**DATA SHOWN:**
★ ★ ★
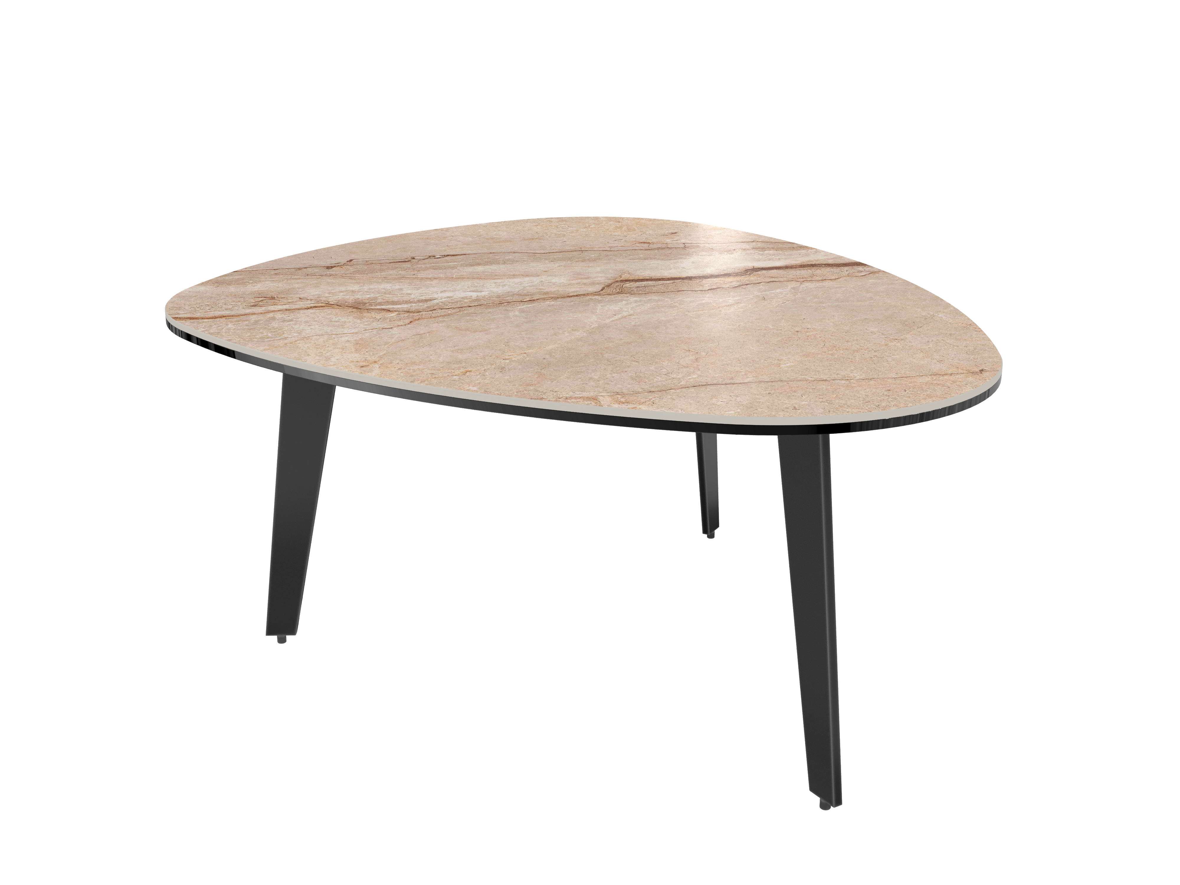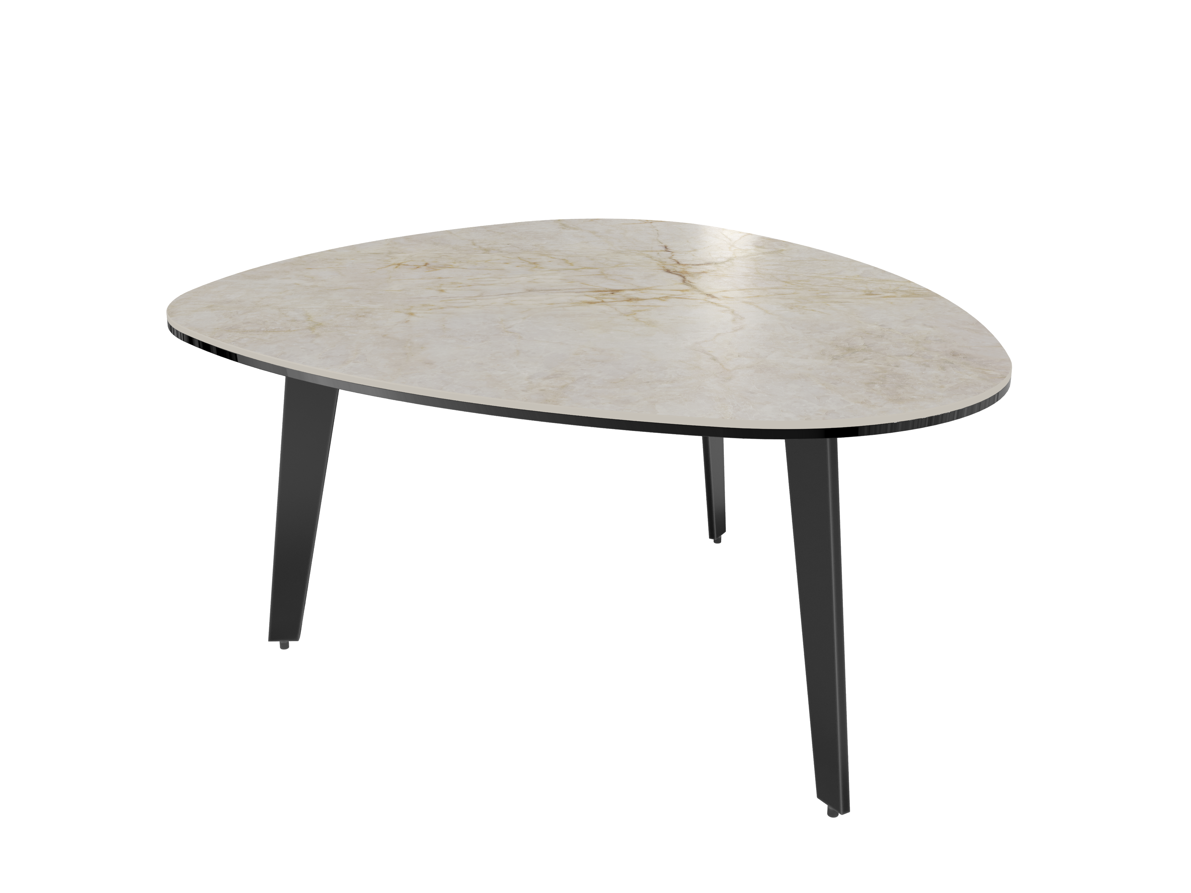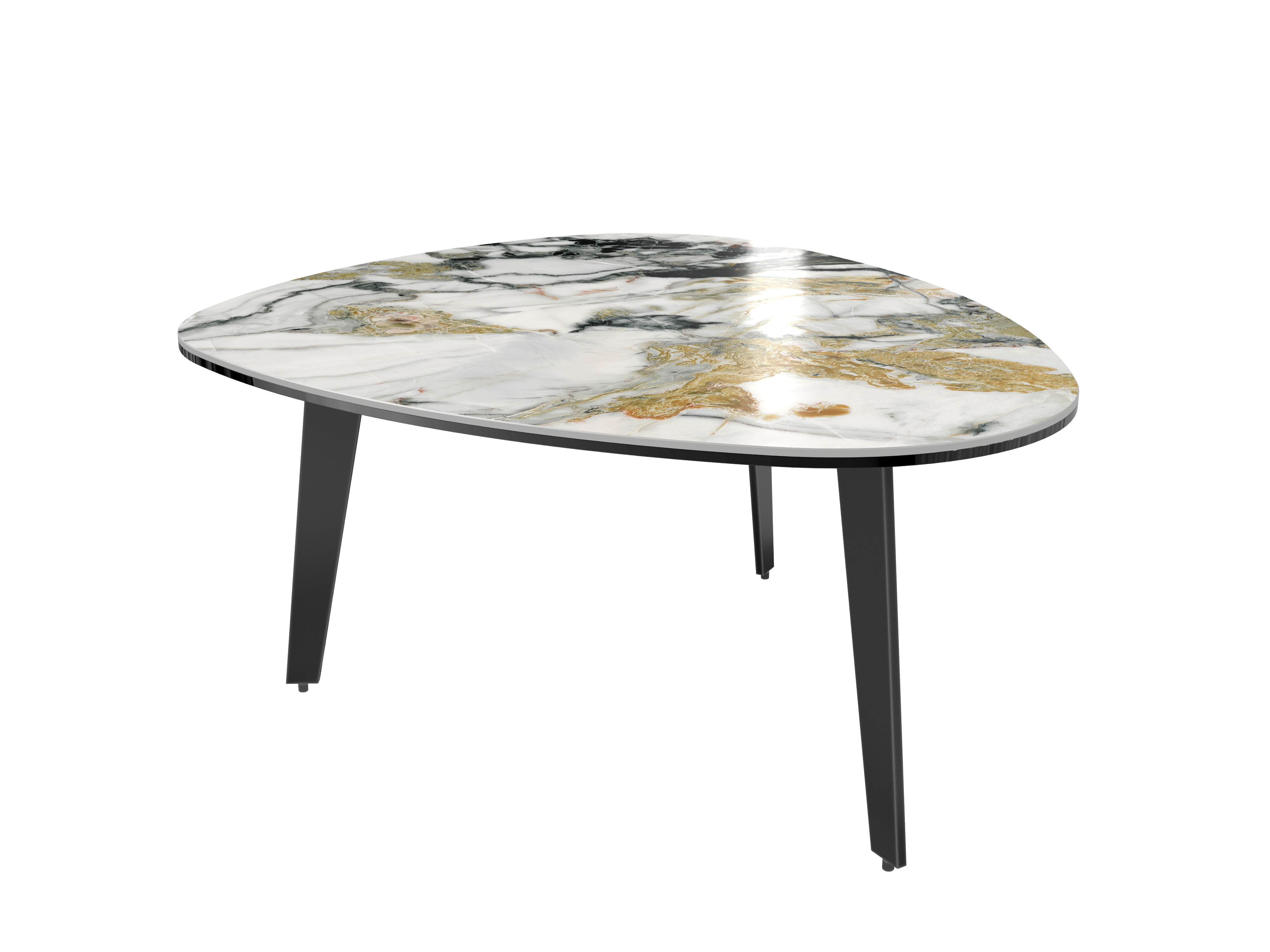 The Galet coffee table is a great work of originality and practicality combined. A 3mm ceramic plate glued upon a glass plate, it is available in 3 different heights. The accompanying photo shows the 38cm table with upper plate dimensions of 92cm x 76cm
★ ★ ★
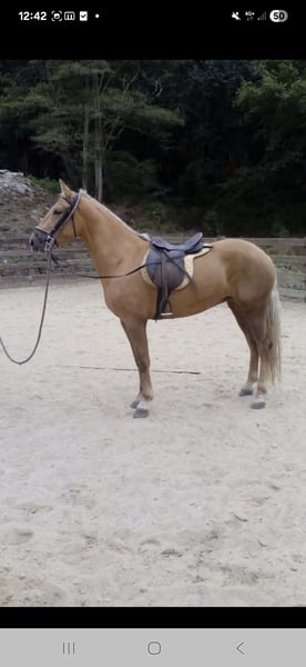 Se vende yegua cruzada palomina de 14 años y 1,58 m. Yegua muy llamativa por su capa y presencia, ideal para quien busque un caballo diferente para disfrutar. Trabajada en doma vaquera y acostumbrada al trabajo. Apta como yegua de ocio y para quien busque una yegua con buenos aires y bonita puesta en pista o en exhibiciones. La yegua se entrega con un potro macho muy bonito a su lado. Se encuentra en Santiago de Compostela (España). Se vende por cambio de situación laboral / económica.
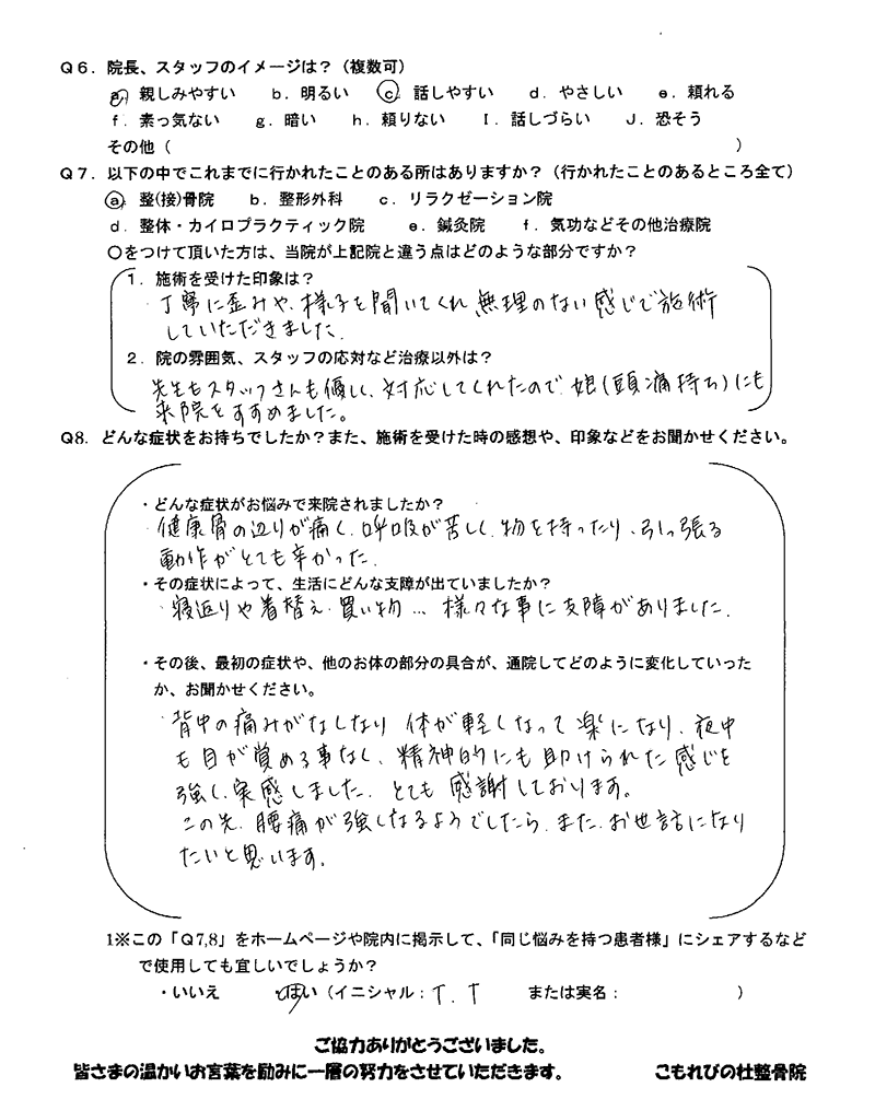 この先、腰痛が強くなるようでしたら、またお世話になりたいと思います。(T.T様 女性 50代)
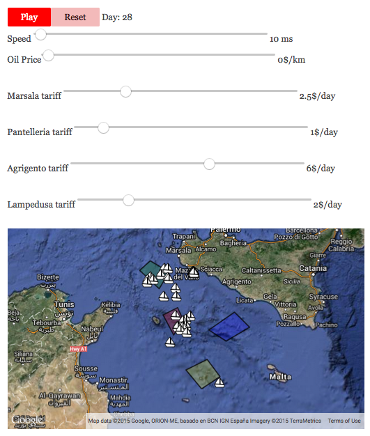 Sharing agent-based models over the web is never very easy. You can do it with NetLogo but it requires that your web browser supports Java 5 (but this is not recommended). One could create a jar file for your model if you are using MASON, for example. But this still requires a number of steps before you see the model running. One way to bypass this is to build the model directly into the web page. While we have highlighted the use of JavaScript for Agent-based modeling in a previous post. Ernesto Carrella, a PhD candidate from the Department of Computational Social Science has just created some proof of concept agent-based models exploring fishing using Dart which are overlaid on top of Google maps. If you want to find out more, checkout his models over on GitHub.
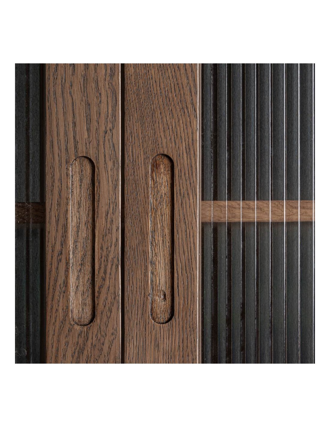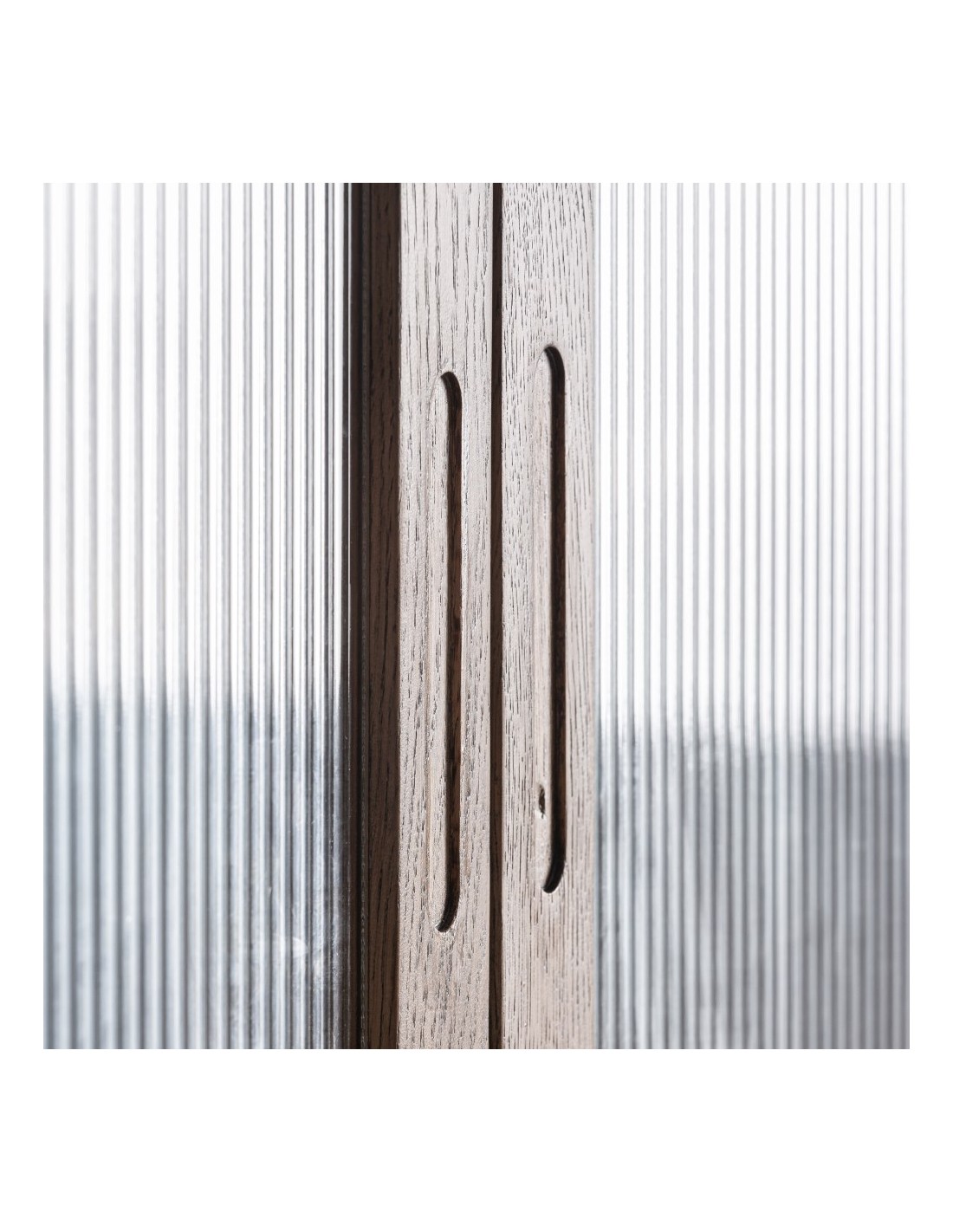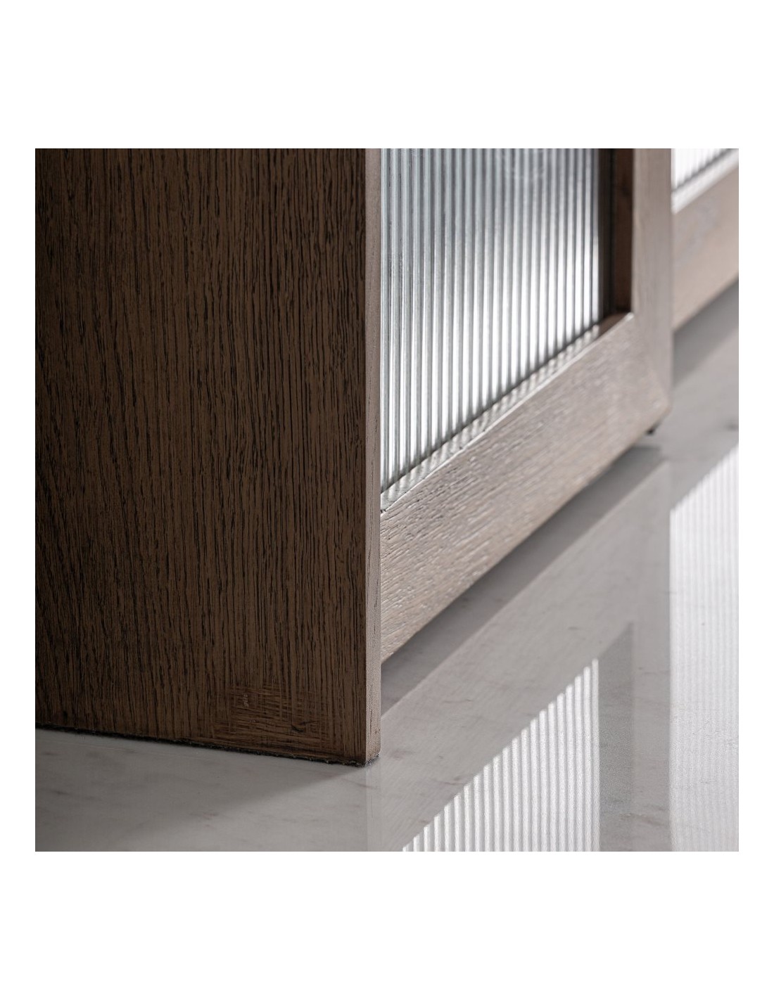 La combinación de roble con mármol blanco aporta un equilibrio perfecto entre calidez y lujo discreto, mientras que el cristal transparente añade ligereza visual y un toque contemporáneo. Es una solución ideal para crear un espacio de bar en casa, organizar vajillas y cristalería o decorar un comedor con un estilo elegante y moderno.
★ ★ ★
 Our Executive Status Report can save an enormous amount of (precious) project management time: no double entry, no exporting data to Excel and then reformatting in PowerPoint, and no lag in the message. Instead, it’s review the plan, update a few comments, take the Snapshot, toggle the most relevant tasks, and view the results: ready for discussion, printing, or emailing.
★ ★ ★
**WHAT YOU WILL DO:** What is needed is an exact copy of the lines above, from the one holding "Se vende yegua" down to the one holding "この先、腰痛が強くなるようでしたら、またお世話になりたいと思います。(T.T様 女性 50代)", with those two included and the pictures left out.

**ANSWER SPACE:**
 Se vende yegua cruzada palomina de 14 años y 1,58 m. Yegua muy llamativa por su capa y presencia, ideal para quien busque un caballo diferente para disfrutar. Trabajada en doma vaquera y acostumbrada al trabajo. Apta como yegua de ocio y para quien busque una yegua con buenos aires y bonita puesta en pista o en exhibiciones. La yegua se entrega con un potro macho muy bonito a su lado. Se encuentra en Santiago de Compostela (España). Se vende por cambio de situación laboral / económica.
 この先、腰痛が強くなるようでしたら、またお世話になりたいと思います。(T.T様 女性 50代)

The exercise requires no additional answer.